All the neurons in MLP are similar. Each of them has several input links (i.e. it takes the output values from several neurons in the previous layer on input) and several output links (i.e. it passes the response to several neurons in the next layer). The values retrieved from the previous layer are summed with certain weights, individual for each neuron, plus the bias term, and the sum is transformed using the activation function f that may be also different for different neurons. Here is the picture:

_images/neuron_model.png

In other words, given the outputs x_j of the layer n , the outputs y_i of the layer n+1 are computed as:

u_i =  \sum _j (w^{n+1}_{i,j}*x_j) + w^{n+1}_{i,bias}

y_i = f(u_i)

Different activation functions may be used, ML implements 3 standard ones:

  • Identity function ( CvANN_MLP::IDENTITY ): f(x)=x

  • Symmetrical sigmoid ( CvANN_MLP::SIGMOID_SYM ): f(x)=\beta*(1-e^{-\alpha x})/(1+e^{-\alpha x} ), the default choice for MLP; the standard sigmoid with \beta =1, \alpha =1 is shown below:

    _images/sigmoid_bipolar.png
  • Gaussian function ( CvANN_MLP::GAUSSIAN ): f(x)=\beta e^{-\alpha x*x} , not completely supported by the moment.

In ML all the neurons have the same activation functions, with the same free parameters ( \alpha, \beta ) that are specified by user and are not altered by the training algorithms.

So the whole trained network works as follows: It takes the feature vector on input, the vector size is equal to the size of the input layer, when the values are passed as input to the first hidden layer, the outputs of the hidden layer are computed using the weights and the activation functions and passed further downstream, until we compute the output layer.

So, in order to compute the network one needs to know all the weights w^{n+1)}_{i,j} . The weights are computed by the training algorithm.
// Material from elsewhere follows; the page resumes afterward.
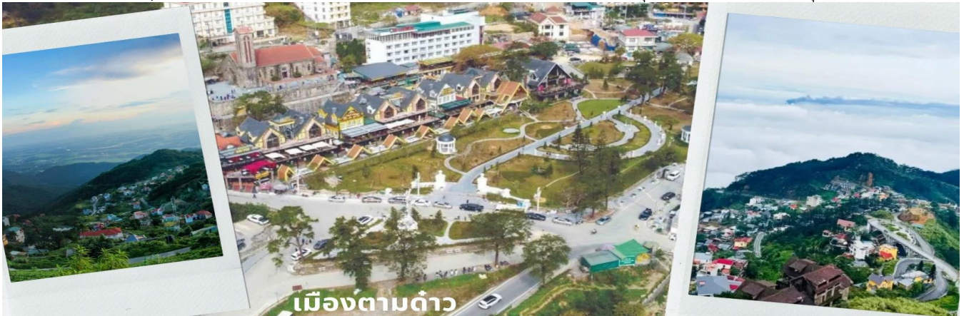
เมืองตามด้าว

สงบ ธรรมชาติอุดมสมบูรณ์ เหมาะกับคนที่อยากหนีร้อนจากในเมืองมาพักผ่อนชิลๆ และที่นี้ยังถูกเรียกว่า Little Sapa และ ดาลัดแห่งภาคเหนือ เนื่องจากเป็นเมืองกลางสายหมอกในหุบเขา และมีความเป็นยุโรปคล้ายกับซาปา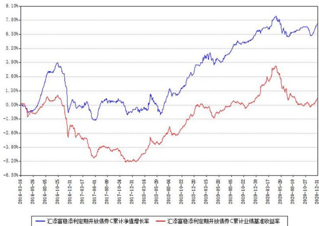
汇添富稳健添利定期开放债券C累计净值增长率与同期业绩基准收益率对比图

The algorithm takes a training set: multiple input vectors with the corresponding output vectors, and iteratively adjusts the weights to try to make the network give the desired response on the provided input vectors.
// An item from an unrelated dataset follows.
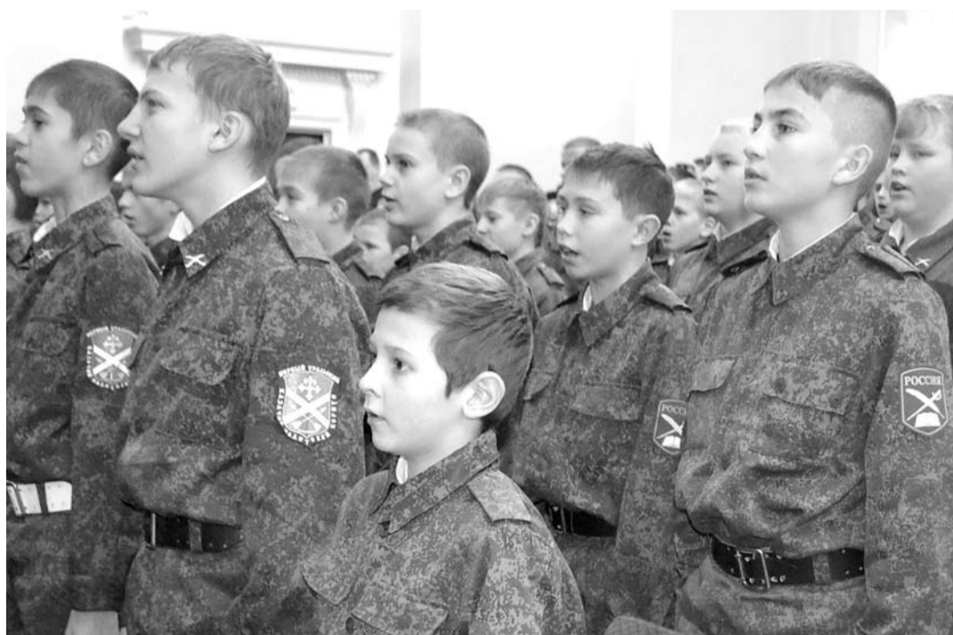
В ноябре в Богдановиче стало на 91 кадета больше. Ребята приняли присягу и поклялись быть честными и добросовестными кадетами.

The larger the network size (the number of hidden layers and their sizes), the more is the potential network flexibility, and the error on the training set could be made arbitrarily small. But at the same time the learned network will also “learn” the noise present in the training set, so the error on the test set usually starts increasing after the network size reaches some limit. Besides, the larger networks are train much longer than the smaller ones, so it is reasonable to preprocess the data (using CalcPCA or similar technique) and train a smaller network on only the essential features.
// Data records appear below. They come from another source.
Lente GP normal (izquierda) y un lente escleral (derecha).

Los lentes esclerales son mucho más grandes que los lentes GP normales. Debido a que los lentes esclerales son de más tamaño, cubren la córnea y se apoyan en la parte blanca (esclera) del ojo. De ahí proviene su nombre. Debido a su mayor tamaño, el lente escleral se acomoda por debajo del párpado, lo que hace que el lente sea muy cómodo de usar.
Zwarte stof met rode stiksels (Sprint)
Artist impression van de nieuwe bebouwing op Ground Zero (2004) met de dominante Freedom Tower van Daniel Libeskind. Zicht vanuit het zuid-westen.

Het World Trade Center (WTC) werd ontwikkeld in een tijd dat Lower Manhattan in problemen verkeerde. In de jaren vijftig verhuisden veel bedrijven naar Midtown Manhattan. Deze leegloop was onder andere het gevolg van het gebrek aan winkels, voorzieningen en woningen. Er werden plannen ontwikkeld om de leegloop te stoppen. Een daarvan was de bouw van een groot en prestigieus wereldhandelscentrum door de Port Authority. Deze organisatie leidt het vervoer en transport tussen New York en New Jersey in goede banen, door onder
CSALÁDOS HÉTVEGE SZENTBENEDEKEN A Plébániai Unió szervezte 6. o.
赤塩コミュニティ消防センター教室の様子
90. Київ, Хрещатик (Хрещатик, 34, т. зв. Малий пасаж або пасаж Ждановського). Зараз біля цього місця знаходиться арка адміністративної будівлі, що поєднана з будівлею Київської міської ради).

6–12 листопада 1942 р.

Another feature of the MLP’s is their inability to handle categorical data as is, however there is a workaround. If a certain feature in the input or output (i.e. in the case of n -class classifier for n>2 ) layer is categorical and can take M>2 different values, it makes sense to represent it as binary tuple of M elements, where i -th element is 1 if and only if the feature is equal to the i -th value out of M possible. It will increase the size of the input/output layer, but will speedup the training algorithm convergence and at the same time enable “fuzzy” values of such variables, i.e. a tuple of probabilities instead of a fixed value.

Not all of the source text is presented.